Вообще представляется, что пресловутый феномен всенародной любви к "кремлевскому горцу" был прежде всего и главным образом плодом назойливой большевистской пропаганды, а никак не констатацией объективной реальности 30-х - первой половины 50-х годов XX века. Это относится и к хрущевскому "секретному" докладу, также в свое время поднятому указанной пропагандой, как говорится, на недосягаемую высоту, и вряд ли на самом деле заслуживающему столь уж превосходных оценочных степеней2.

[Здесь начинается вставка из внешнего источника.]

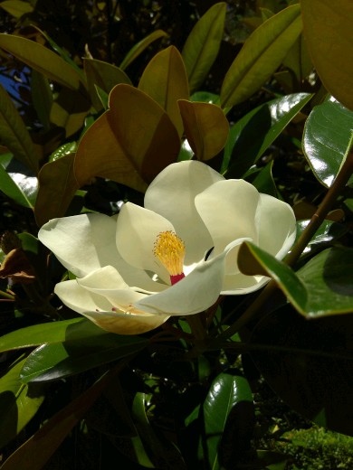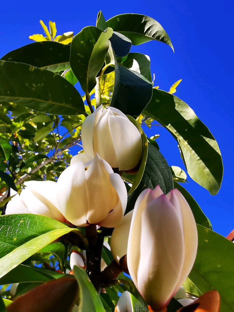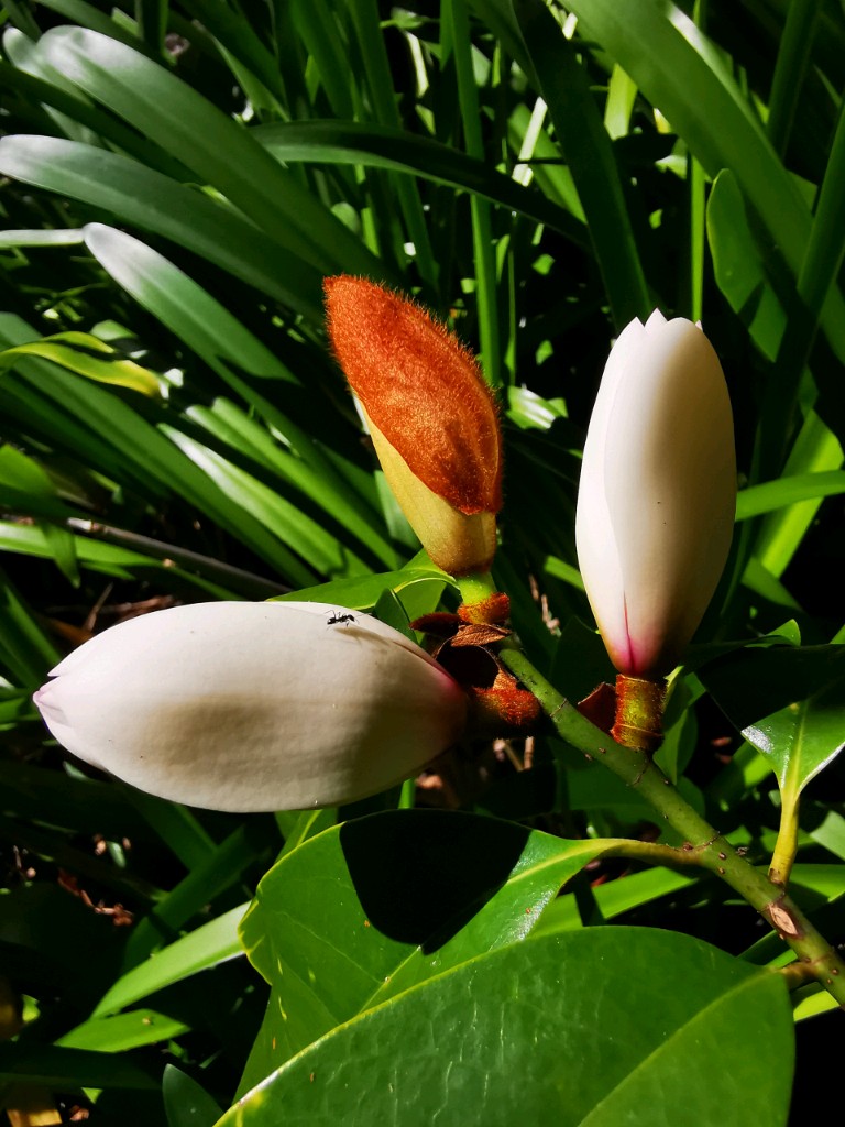 进入含笑季节了,看, 我亲植的这株含笑又开花了。这含笑每年都开得早,开得很好,这种含笑挺高,叶子大而明亮,花大且漂亮。唯一缺点就是没有香味,不知是什么品种?

Группа цековских "белых негров" во главе с П. Н. Поспеловым, готовивших этот доклад, и сам Хрущев, зачитавший его с трибуны XX съезда, не озаботились какими-либо принципиальными выводами из преданного огласке перечня злоупотреблений властью, такими, например, выводами, как очевидный ущербный (исключительно силовой) характер осуществления функций партийно-государственного управления, культивировавшийся большевистской верхушкой с момента октябрьского переворота 1917 года. Стоит в этой связи вспомнить о XIII конференции РКП(б) и XIII партийном съезде (1924 г.). На этих номенклатурных форумах, особенно после смерти своего вождя, его душеприказчики попытались определить узловые понятия оставшегося им в наследство ленинизма. К их числу они отнесли прежде всего
стр. 50
организационно-административное кредо большевизма, заключавшееся, по словам рвавшегося тогда на первые роли Г. Е. Зиновьева, в признании права на легальную деятельность только за РКП(б). "Она, - разъяснял Зиновьев на партконференции (январь 1924 г.), - осуществляет диктатуру пролетариата и именно поэтому является единственной легальной партией в Союзе Республик. Она раздавила все остальные политические партии, она оставила за собой монополию на свободу печати, монополию на свободу политической работы"3. Через три с лишним месяца на XIII съезде, где Зиновьев выступал с отчетным докладом ЦК, он вновь распространялся о монополии на легальность РКП(б), именовал вражескими взгляды на законную политическую деятельность, обеспечиваемую прежде всего выборным путем, заявлял, что демократические выборы "для нас стихия не особенно благоприятная, не наша, одним словом, стихия" и что "выборы для нас не имеют решающего значения"4.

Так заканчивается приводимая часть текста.